Наверное, я была какой-то скрытой мазохистской, но сейчас буквально млела от блаженства и непередаваемой радости, уставшая, но окрыленная, распластавшись бесстыдно на его кровати и завернув свое влажное тело в тонкую простыню, которую мне принес Бродяга, даже не пытаясь натянуть на себя хоть что-нибудь из одежды.
— Я хожу дома голым, забыла, крошка? — подмигивал он мне, когда вернулся с бокалом холодной воды, которую протянул мне, глядя впервые без привычного колючего голода в этих голубых глазах, и садясь на край кровати рядом со мной, когда я с улыбкой покачала головой, прошептав:
— Хорошо, что у тебя нет соседей. Боюсь, что их бы пришлось увозить в травматологию в первый же день знакомства с тобой!..
— После того, как стали отбиваться от меня лопатой?
— Нет, когда свалились с порога от созерцания твоего зада в одном из окон.
Бродяга снова рассмеялся, глядя на меня весело и так странно…словно что-то изменилось в его взгляде с того момента, как я ступила на порог этого замечательного дома, растаяло, растеряло колкость.
Я терялась от его пронзительного, наблюдательного взгляда, едва не подавившись, когда он рассмеялся снова, поднимаясь на ноги и скрывая часть своего красивого, мускулистого тела за стойкой, которая отделала часть помещения под кухню.
— Я так понимаю, что ужин тоже на мне, — усмехнулся он, хлопнув холодильником и отворачиваясь спиной, потому что встал к плите, не видя мой удивленный взгляд:
— Ты умеешь готовить?
— Приходится делать это, раз уж живу один, разве я не говорил тебе? — судя по голосу он улыбался, когда говорил это, вот только я немного сникла, пробормотав себе под нос:
— …ты никогда ничего не говорил о себе.
И вот теперь мы были близки так сильно, как только это было возможно. Физически.
А я по-прежнему не знала о нем совершенно ничего, потеряв надежду на то, что смогу стать частью его загадочной и явно довольно странной жизни, в которой не было
Я бы подумала, что он не услышал моих приглушенных слов, если бы его спина не напряглась и не застыла в таком положении, отчего я почему-то смутилась, проговорив поспешно и чуть хрипло:
— ….а можно я немного осмотрюсь?
— Конечно.
Бродяга не обернулся, когда я неловко натянула на себя брошенную им майку, потому что поняла, что отыскать свою одежду сразу явно не получится, осторожно вылезая из кровати на все еще дрожащих ногах, и чувству себя по меньшей мере новорожденным олененком, который делал первые шаги и только учился ходить по этому миру.

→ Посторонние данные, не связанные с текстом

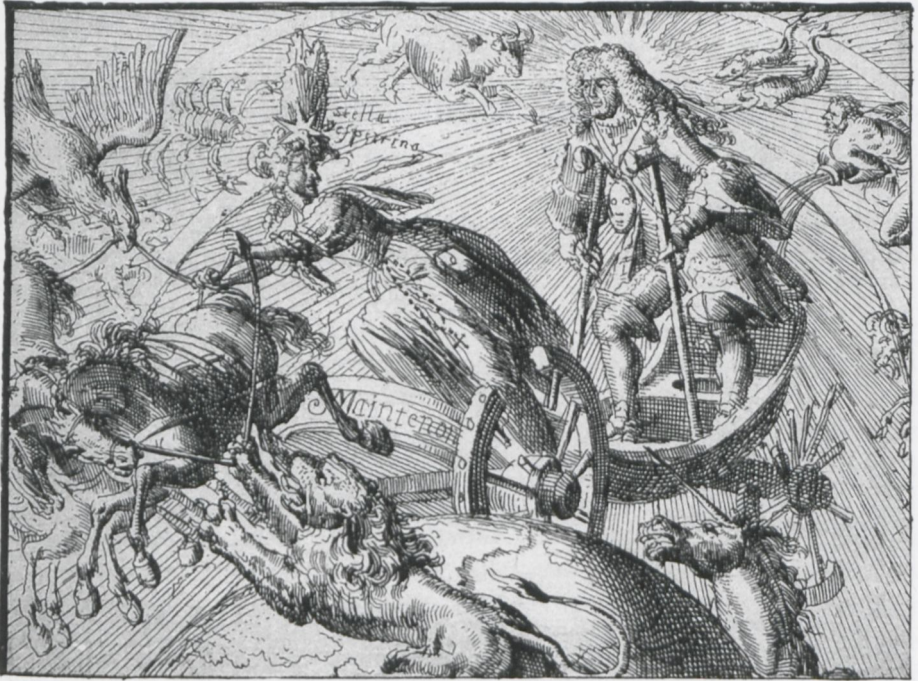
Illustration 6: Romeyn de Hooghe, Louis XIV as Phaeton, aus: Aesopus in Europa, 1701/02, etching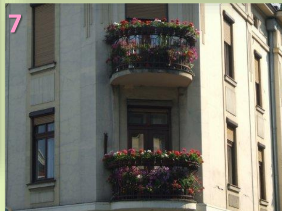
Figures 5-7: Positive examples of green balconies and terraces in Belgrade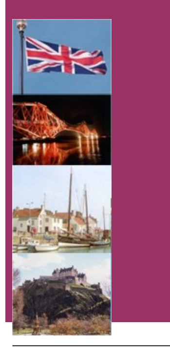
BNP Scotland Manifesto

BNP Scotland would actively encourage the development of living participation spectacles, historical re-enactment and pageants. Scotland is part of the western European family of nations and public sponsorship of the Arts in general must reflect that family association.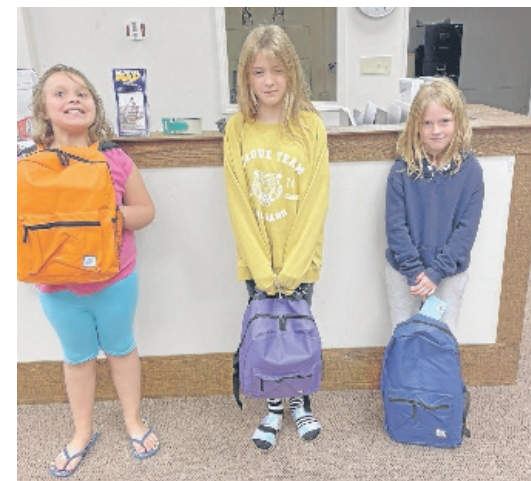
Dress a Child

Due to COVID-19 our volunteers, the last two years, purchased clothing for the youths based on written information provided by the families. Clothing was then picked up by the families at our office.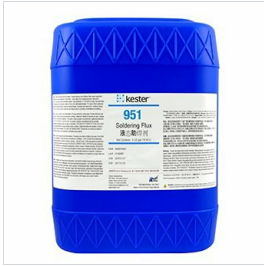
951 Soldering Flux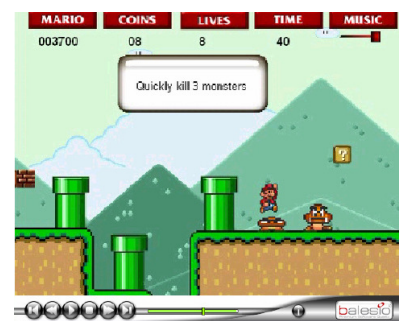
3 EXPORT & PUBLISH

ALLCapture lets you customize your capture, for instance frame rates or multiple screens. You can record sound and voice over during game capture. Also, you can re-record, add multiple sound layers for a more complete experience. The software offers a wide range of editing possibilities, including highlight, zoom, animation, image import and special effects. The intuitive timeline makes the editing process spectacularly easy. Videos can be exported to popular Internet formats, including Flash and MPEG, for further upload to iPods or platforms such as YouTube, GameVee, 1UP etc.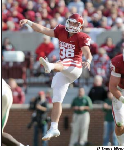
P Tress Way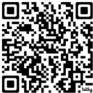
LETTER CAMPAIGN QR CODE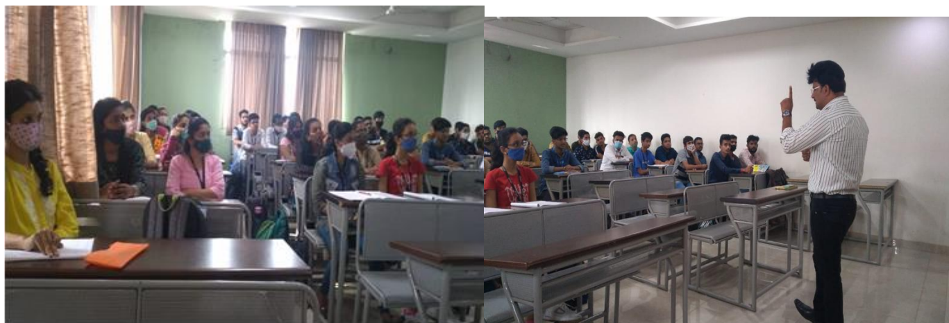
Expert lecture and one day hands on workshop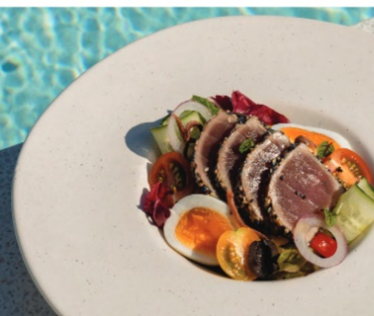
Remixed Niçoise Salad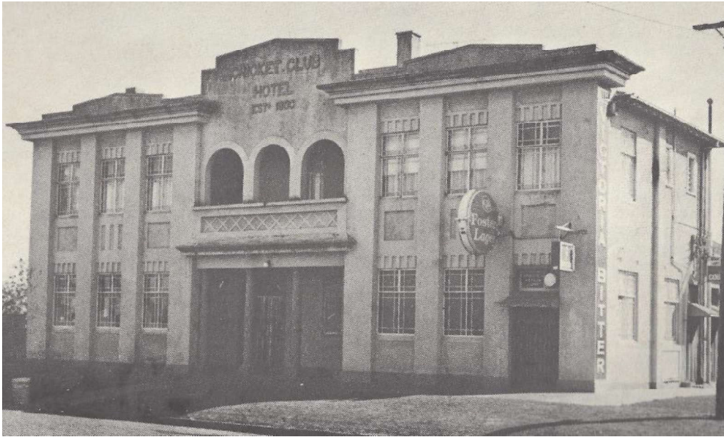
Figure H3. A photo dating to 1971 that showed the unpainted facade and east elevation, with details as they appear in 2015 (Maddern 1971).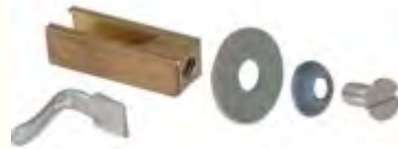
Brush holder set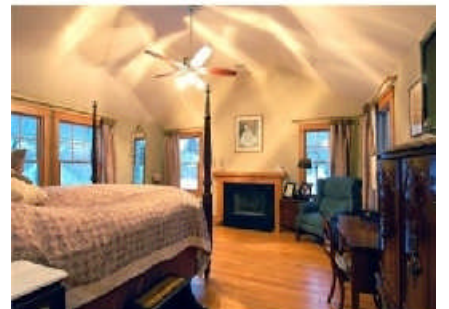
Master Bedroom with fireplace, walk in closet, attached master bath

The toilet is in a private room separated by a pocket door.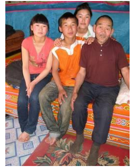
granddad and grandchildren

On our third haschaa we also have two gers. In one of the gers a granddad has lived with his three grandchildren for several years. The two girls are good students. The boy is deaf and attends a special school for the deaf.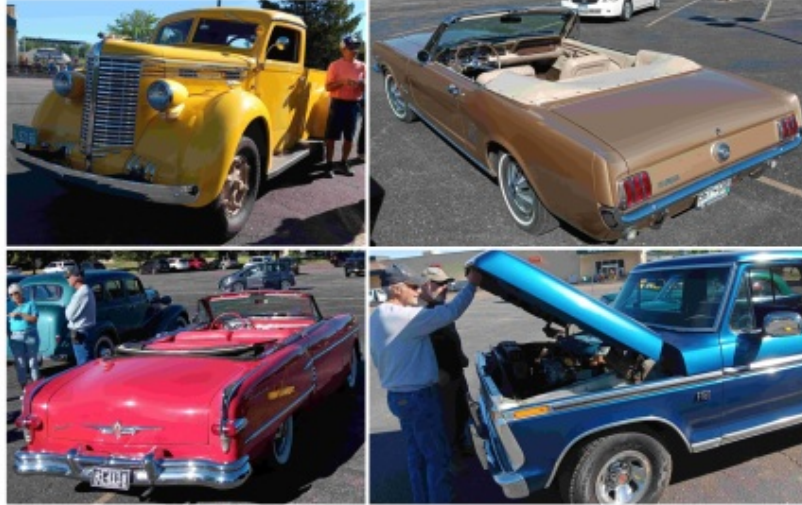
Tour Photos by Beth Kauffman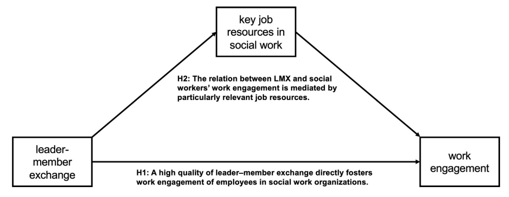
Figure 1. Conceptual framework.

B. Wagner, C. Koob Heliyon 8 (2022) e08793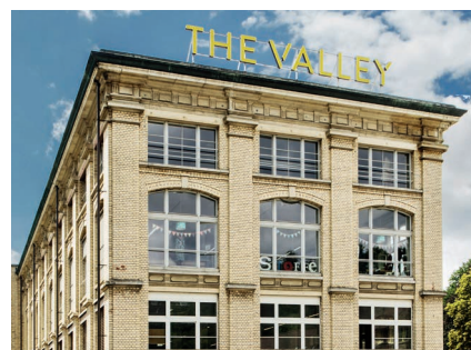
Maggi-Areal, Kemptthal, Switzerland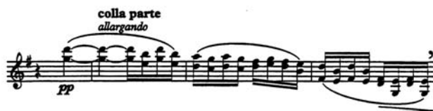
Fig. 16. Measures 181-184, violin

The real retransition develops between the measures 181-196, and it reappears as an accompanied cadenza , the cell input ”v” and ”y” being exposed similarly to a mixture by the soloist, against the acordic E background as a multiple orchestra pedal: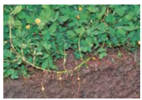
Arachis pintoi cv. Amarillo (1987)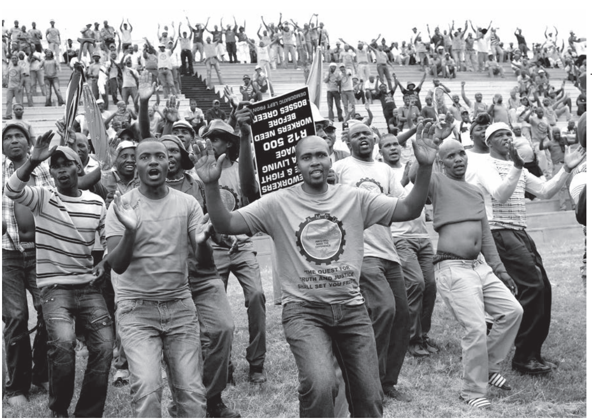
South African platinum miners of the AMCU at January 19 rally in Rustenburg voted to strike. The walkout, the largest and longest in South Afircan history, is now in its sixth month.

With consummate cynicism, the ANC election manifesto announces the "first phase" of the "democratic transition" has been completed. Their mentors are the SACP, the high priests of the Menshevik-Stalinist theory of stages who excuse every crime with the mirage of ultimate "socialism." According to the ANC, "our people's dignity has been restored" in this first phase. Tell it to the Marikana miners, or the township residents gunned down by the police as they demand clean drinking water and housing! In mid-March, police and ANC officials shot at protesting schoolchildren at Bekkersdal in the Gauteng province around Johannesburg. Even The Citizen (a tabloid oriented to the black middle class) compared

На самом деле, меня привлекла полка, которая была аккуратно сделана вдоль стены напротив кровати, но немного дальше кухни, на которой стояли какие-то награды и рамочки для фотографий.
Сначала я подумала, что это все мне просто показалось, потому что Бродяга был не тем человеком, который хранил бы какие-то памятные вещи.
…или только казался таким? А на деле умел вязать крючком и обожал фиалки?
Я не обратила внимания на то, как что-то зашипело на сковородке и по дому раздался аромат жаренного мяса, с удивлением видя перед собой несколько фотографий, на которых Бродяга был рядом с пожилой седовласой женщиной, что держала на руках белокурого малыша, совсем кроху….а еще рядом с молодой красивой девушкой, которая улыбалась так обворожительно и красиво с этой фотографии, отчего мое сердце дрогнуло, споткнувшись о серую бытность жизни.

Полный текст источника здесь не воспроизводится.